Creating Private EKS Cluster with Bastion Host using Terraform

October 12, 2023

Creating a private Amazon Elastic Kubernetes Service (EKS) cluster with a bastion host is an exceptionally secure way to manage and interact with your Kubernetes cluster's API. In this article, we'll explore how to set up this robust infrastructure, ensuring that your EKS environment remains isolated from the public internet while maintaining convenient, controlled access through the bastion host.
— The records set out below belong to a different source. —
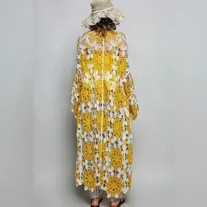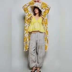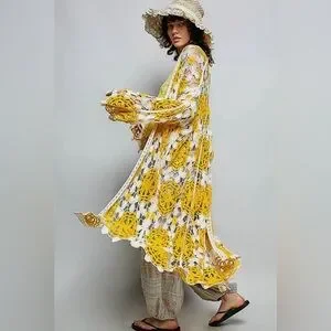 NEW Pol Maxi Long Sleeve Crochet Open Cardigan in Yellow
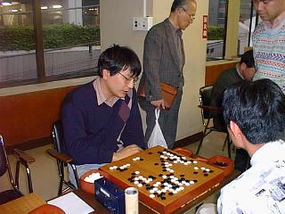 Bクラス副将 山口さん 3戦全勝 Bクラス副将 岸原さん 3戦全勝 Cクラス副将 兵藤さん 2戦全勝 Cクラス参将 服部さん 1戦全勝 その他の写真 こぼれ話 ●疲れが残っていた!? 7チームエントリーしていたのですが、うち6チームは 1試合目に敗れさってしまいました。ある選手は、この凄惨な状況を 分析し、「昨日の試合(スーパー小津杯)の疲れがまだ残っていたんだよ。」 とコメントしました。実際、2試合目はIBMの全チームが勝利。(これも 珍しい記録です) しかし、エンジンがかかるのが遅すぎたようです。 ●わざわざ1試合のために、、 Cクラスの服部さんは、初戦に遅刻(大木さんが代打)二試合目からの 出場となりましたが、三試合目に予定されていた相手チームがきておらず 不戦勝、ということで、大会で1試合しか打たなかったという珍記録を 作りました。 ●頭痛が、、 Bクラスの山口さん、冷たい缶いりのお茶を額にして、「頭痛がする、 頭痛がする。。」と悩ましい表情をみせていました。「これは碁どころ じゃないな、大丈夫かな、」と心配して気づかっていたのですが、 碁は全勝。。頭痛がしたのは山口さんの対局相手のほうだったかもしれません。 ●聞こえたかな? Cクラスの中山さんに、「次の試合の相手はどこですか?」と問うと 「日立電子サービスですね。もしかしたらサービスしてくれるかな?」 と答えていました。この試合の結果をみるかぎり、もしかしてこの 会話が相手に聞こえていたのかもしれません。 ●良い記念 Aクラスに出場していた某市役所は、遠路はるばるやってきたのですが、 いかんせん、手合い違いもはなはだしいエントリーだったようで、 さんざんな結果に終ったようです。それでも、金沢さんや中村さんと 対戦できた相手チームの人は、「 有名な人と打てて良い記念になった。 しかし、次はDクラスにエントリーしよう」と抱負を語っていたそうです。 宴会の ●ポーカーフェース IBM不動の大将で、今回も5試合全勝した金沢さん、その碁の技もさること ながら、その威風堂々とした対局姿勢に注目が集まりました。 とくに碁の局面が緊迫していようがどうあろうと表情がいっさいかわらず たんたんと打ち進める様子には皆、感心していました。そして、 その後のうちあげの席では、対称的に碁の最中に動揺したり、悲鳴をあげた りする人を一人一人あげて、あの人はだめだ、この人もだめだ、、と論評 がくりかえされ爆笑する一幕がありました。 以上 ////Tatsuya Kishihara//// Systems,SW Center, IBM Japan Tel:0462-73-6455 ext:185-6455 IntZip: LAB-T06 E-Mail:jl20259@yamato.ibm.co.jp Notes:Tatsuya Kishihara/Japan/IBM まさに記者魂を発揮した岸原さんは4/19の朝刊(午前便?)に間に合わせる べく帰宅後当メールの原稿書きに余念がないのでありました。選手として も3連勝と関東囲碁部になくてはならない逸材です。 ●○●○●***** Enjoy your Business, Enjoy your Life! *******● ○●○● Kenshi Ohki (Tel:03-3808-9970) ●○ ●○● Sales Operations Communications Sector IBM Japan ●○● ○● (Fax:03-3664-4908 E-mail: ooki@jp.ibm.com ) ●○●○ ●****************** 大木建志 ***************●○●○●
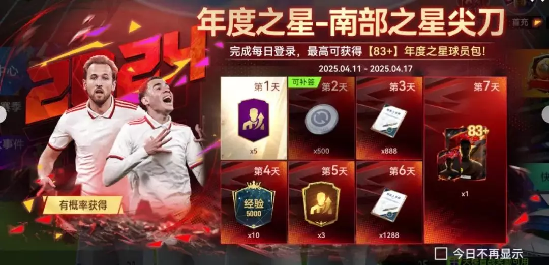 完成每日登录,最高可得【83+】24年度之星球员包。
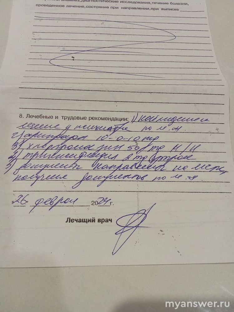 "1) Наблюдение и лечение у психиатра по м.ж. (месту жительства).
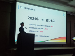 冒頭の社長挨拶では、「2024年は変わる年」とのお言葉がありました。2023年に考えたこと、準備してきたことを実行し、より魅力的な企業へと変わっていくよう従業員一同努めてまいります。
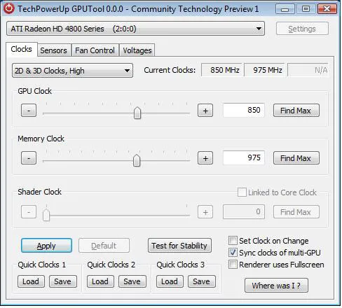 На основной панели расположено всего три ползунка - напряжение на ядре GPU, частота ядра и частота видеопамяти. Чуть выше находится температурная шкала, которая показывает температуру ядра GPU как в градусах Цельсия, так и по Фаренгейту. Все, что требуется от пользователя, так это выставить нужные значения и нажать кнопку "применить". После этого можно переходить к проверке на стабильность, нагружая ускоритель сложными вычислениями, например, игрой в HAWX с полноэкранным сглаживанием и анизотропной фильтрацией.
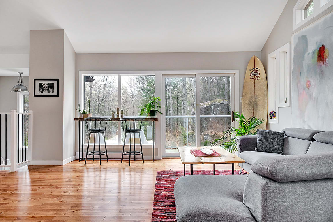 Enjoy this beautiful log cabin located on the waterfront. You won’t be able but to unwind in this rustic and unique location, whether sitting in front of the fireplace or relaxing in the spa. The cottage offers a magnificent view of the mountain side as well as the Pelletier River, which connects with Du Lièvre River. located on Quebec’s federated ATV and snowmobile trails. You’ll be pleased in any season.

Link to Github code repo here

Prerequisites:

AWS Account: You must have an active AWS account. If you don't have one, you can sign up for an AWS account on the AWS website. You can create it here
IAM User or Role: Create an IAM (Identity and Access Management) user or role in your AWS account with the necessary permissions to create and manage EKS clusters. At a minimum, the user or role should have permissions to create EKS clusters, EC2 instances, VPCs, and related resources.
AWS CLI: Install and configure the AWS Command Line Interface (CLI) on your local machine. You'll use the AWS CLI to interact with your AWS account and configure your AWS credentials. You can download it here
Terraform Installed: Install Terraform on your local machine. You can download Terraform from the official Terraform website and follow the installation instructions for your operating system here

Creating Bastion Host with Terraform

First as always let's create our provider.tf file in our project folder:

provider "aws" {
  region  = var.aws_region
  profile = var.aws_profile
}

data "aws_eks_cluster" "this" {
  name = local.cluster_name
  depends_on = [
    module.eks.eks_managed_node_groups,
  ]
}

data "aws_eks_cluster_auth" "this" {
  name = local.cluster_name
  depends_on = [
    module.eks.eks_managed_node_groups,
  ]
}

provider "kubernetes" {
  host                   = data.aws_eks_cluster.this.endpoint
  token                  = data.aws_eks_cluster_auth.this.token
  cluster_ca_certificate = base64decode(data.aws_eks_cluster.this.certificate_authority.0.data)
}

VPC and Security Group

Here we create a VPC using a module as it was shown in this article.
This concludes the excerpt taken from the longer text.